Turn Around	3-5 business days to review and approve translated documents.
Billing	WCG IRB bills a review fee per language and per submission and a distribution processing fee per language per PI.

Short Forms

WCG IRB has the following policy regarding the use of a short form consent process to enroll participants. WCG’s policy may be more restrictive than federal requirements, and can only be applied in situations when both of the following are true:

1. A full-length version of the consent form in language understandable to the participant is not available, or is not appropriate for the participant.
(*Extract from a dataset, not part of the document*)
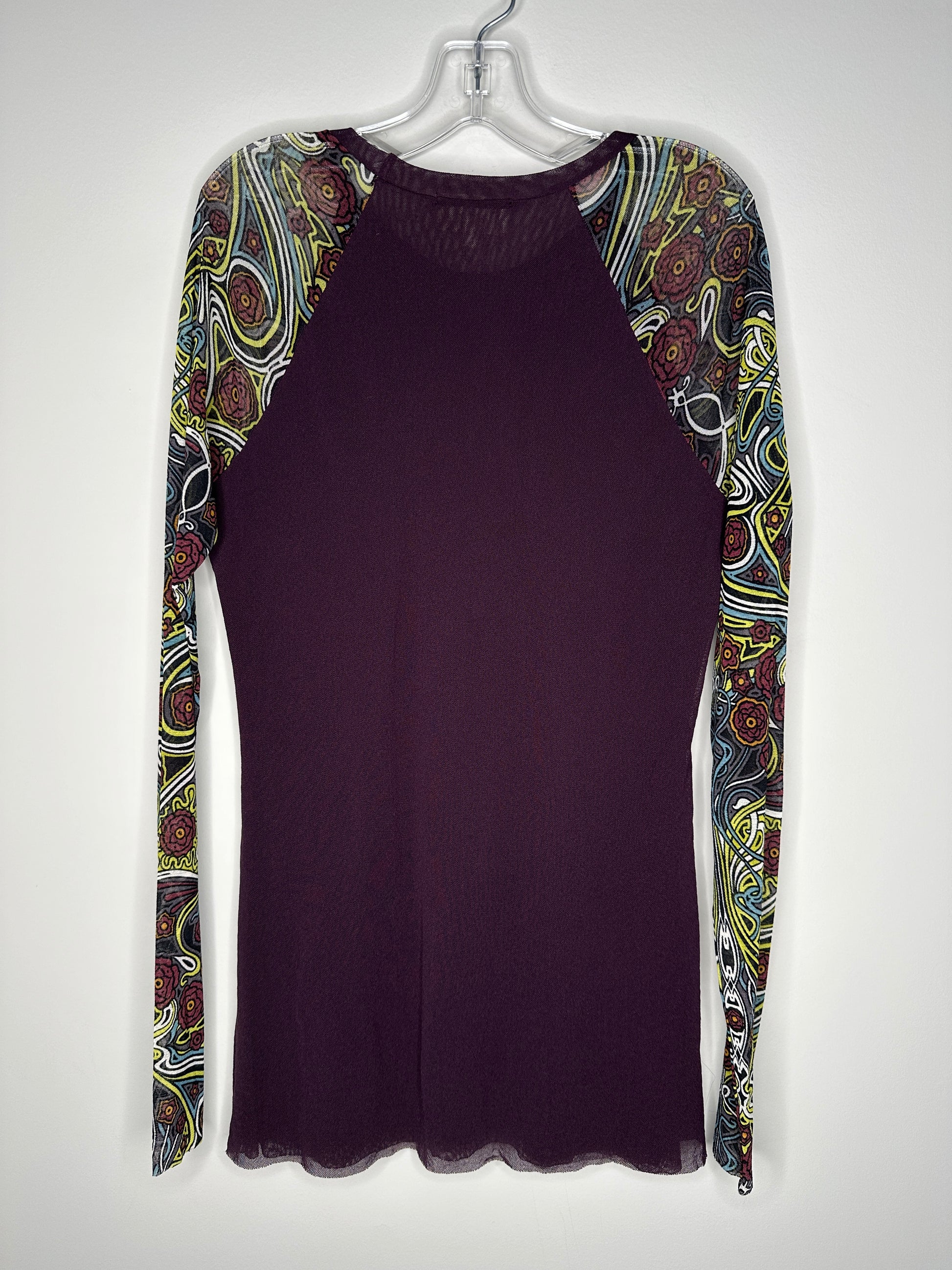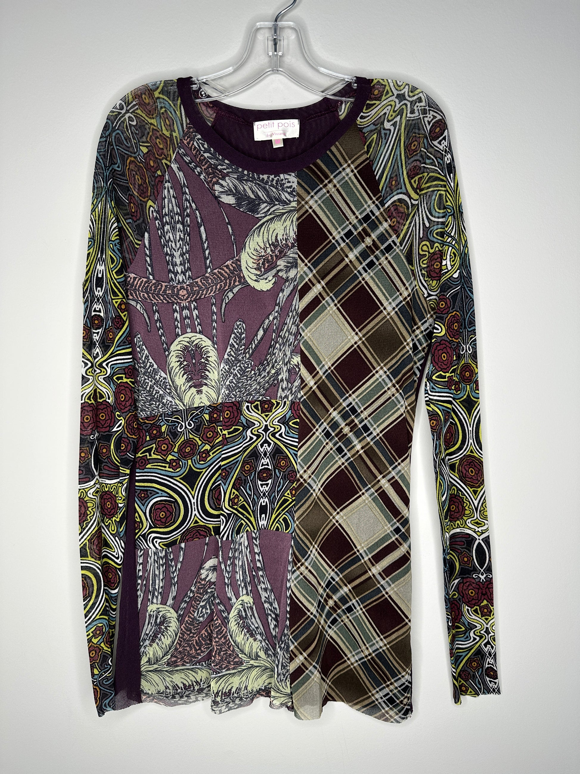 Petit Pois by Viviana Size M Plum Printed Long Sleeve Lightweight Top

This may include unexpected translations, low literacy, or visual impairment.
2. It is in the participant’s best medical interest to be enrolled in the research, and for unexpected translations, before a translated consent form can be obtained.

Below are the steps required for WCG’s short form policy:

1. Access the appropriate WCG Short Form Template here. For unexpected translations, use form HRP-503 in the appropriate language. For English speakers with low-literacy, visual impairment or similar situations, use form HRP-511.
2. Insert study-specific information, including title of study, principal investigator, appropriate signature lines (copy from the IRB approved consent form or keep the appropriate template ones provided in the translated short forms, and contact information into the OHRP template short form.)
3. Verbally review the information in the IRB approved long version of the consent form to the participant with an impartial witness. For unexpected translations, a translator who is fluent in both English and the participant’s language is required and the translator may serve as the witness.
4. Obtain the following signatures:

5. Provide the participant signed copies of the IRB approved long form consent form and the short form in the language understandable to the participant.
6. File the original signed IRB approved long form consent form and the original signed short form in the participant’s research record and medical record, if appropriate.
7. For unexpected translations, the site must obtain a fully translated version of the IRB approved long form consent form at the earliest opportunity. The participant should be re-consented using the fully translated consent form within 60 (business) days or at the first visit after receipt of the translated consent form (whichever is less).

If the participant doesn’t meet the criteria above for the use of WCG’s Short form policy, but may need to be enrolled in emergent situations such as those listed below, researchers can plan to not enroll the participant, or refer to the appropriate regulations (for FDA, 21 CFR 50.24; for Non-FDA, 45 CFR 46.101(i)) to utilize the pathways for a waiver of a consent.

1. Subjects are unable to give their informed consent as a result of their medical condition.
2. The intervention under investigation must be administered before consent from the subject’s LAR is feasible.
3. There is no reasonable way to identify prospectively the individuals likely to become eligible for participation in the clinical investigation.